> _RECORDED INFORMATION_
┌──

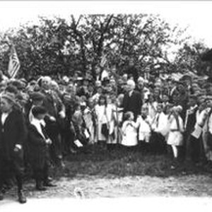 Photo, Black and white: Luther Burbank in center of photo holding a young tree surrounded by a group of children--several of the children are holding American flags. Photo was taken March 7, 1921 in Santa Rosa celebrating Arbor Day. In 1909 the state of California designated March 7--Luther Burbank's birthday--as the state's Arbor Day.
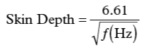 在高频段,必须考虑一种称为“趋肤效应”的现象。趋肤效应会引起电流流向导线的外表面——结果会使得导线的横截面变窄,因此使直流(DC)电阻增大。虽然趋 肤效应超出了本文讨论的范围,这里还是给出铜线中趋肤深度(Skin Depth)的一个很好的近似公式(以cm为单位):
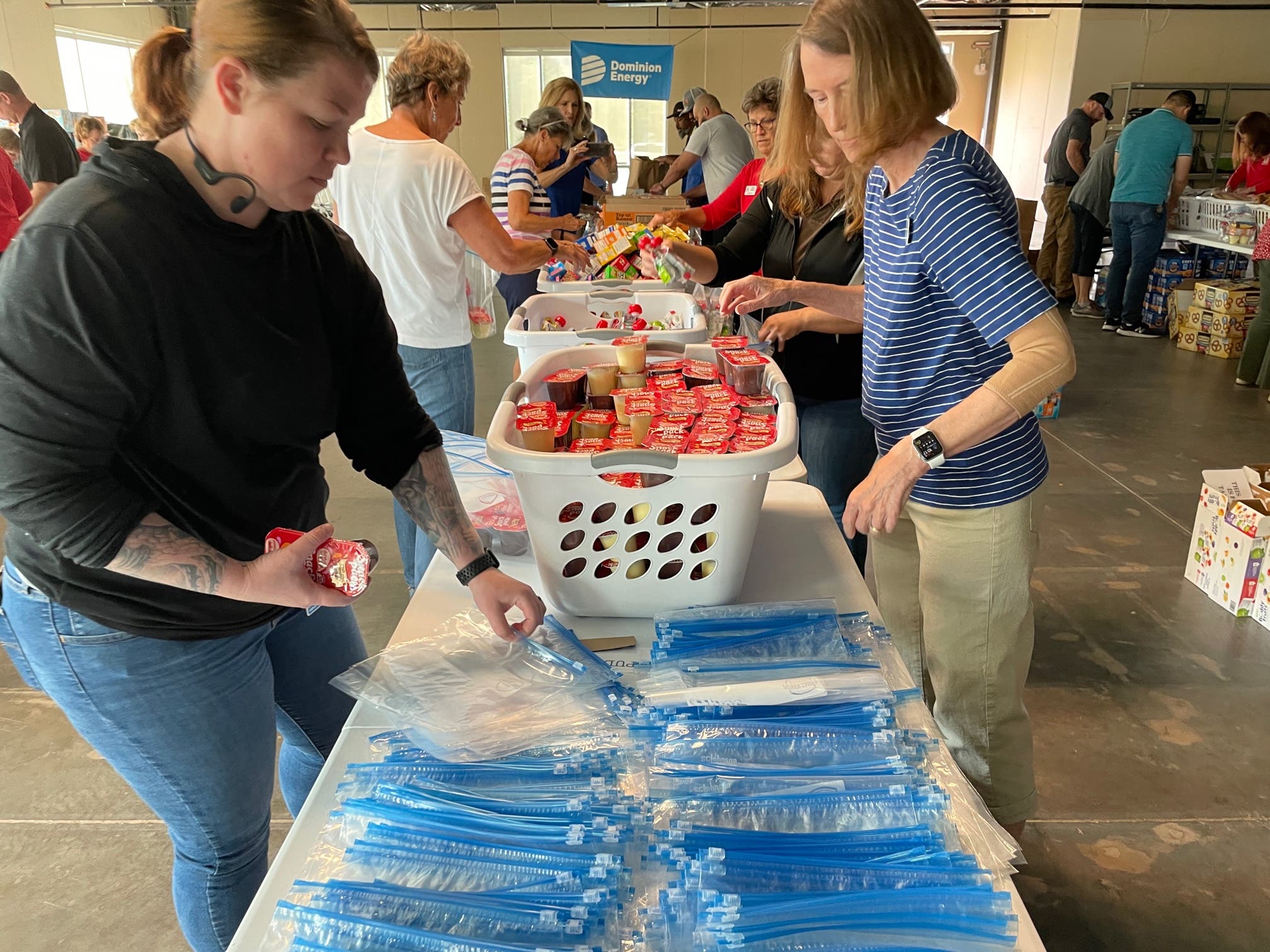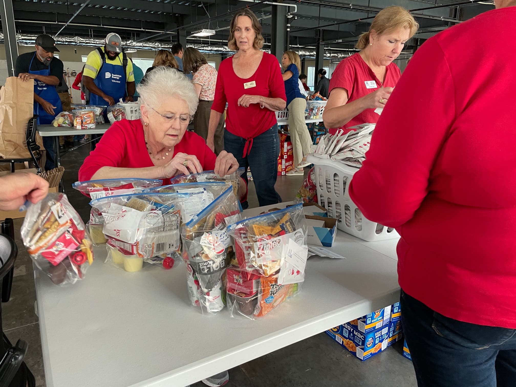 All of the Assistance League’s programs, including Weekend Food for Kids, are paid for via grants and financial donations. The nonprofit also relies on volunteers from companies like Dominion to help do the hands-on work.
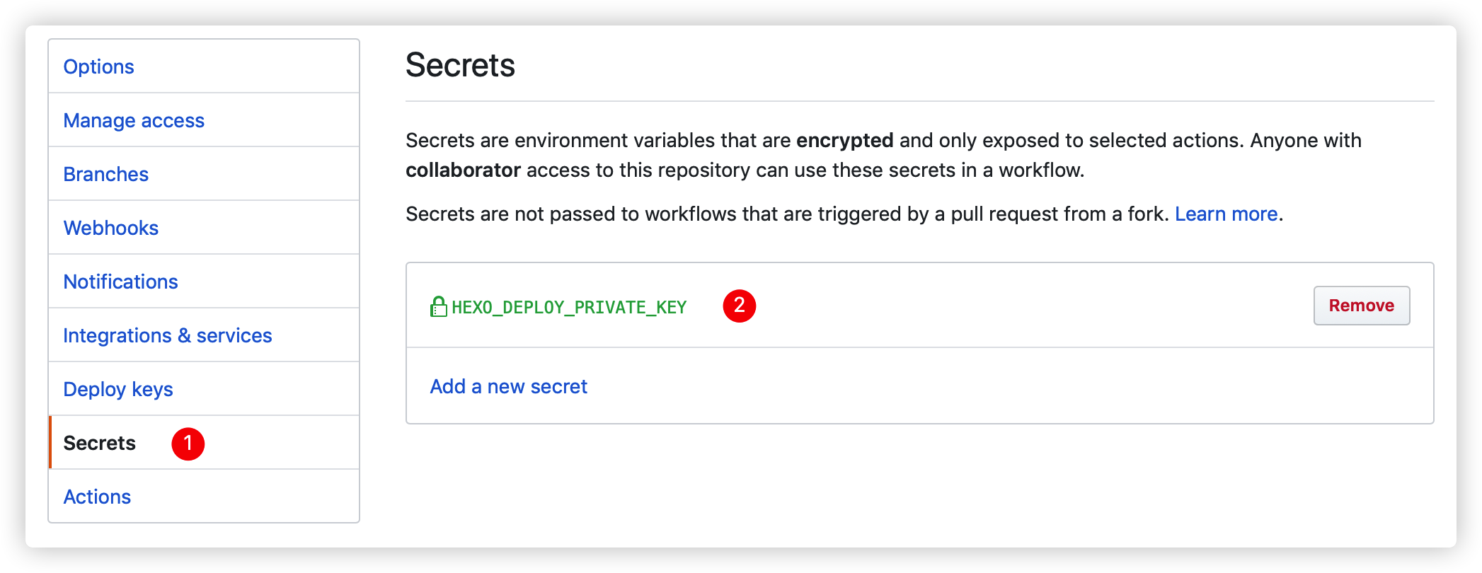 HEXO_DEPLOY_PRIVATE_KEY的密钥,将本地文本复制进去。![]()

└──

> _WHAT THE EXERCISE ASKS_
Every line above should be returned word for word, with the pictures left behind.

> _PROBLEM SOLUTION_
 Photo, Black and white: Luther Burbank in center of photo holding a young tree surrounded by a group of children--several of the children are holding American flags. Photo was taken March 7, 1921 in Santa Rosa celebrating Arbor Day. In 1909 the state of California designated March 7--Luther Burbank's birthday--as the state's Arbor Day.
 在高频段,必须考虑一种称为“趋肤效应”的现象。趋肤效应会引起电流流向导线的外表面——结果会使得导线的横截面变窄,因此使直流(DC)电阻增大。虽然趋 肤效应超出了本文讨论的范围,这里还是给出铜线中趋肤深度(Skin Depth)的一个很好的近似公式(以cm为单位):
 All of the Assistance League’s programs, including Weekend Food for Kids, are paid for via grants and financial donations. The nonprofit also relies on volunteers from companies like Dominion to help do the hands-on work.
 HEXO_DEPLOY_PRIVATE_KEY的密钥,将本地文本复制进去。![]()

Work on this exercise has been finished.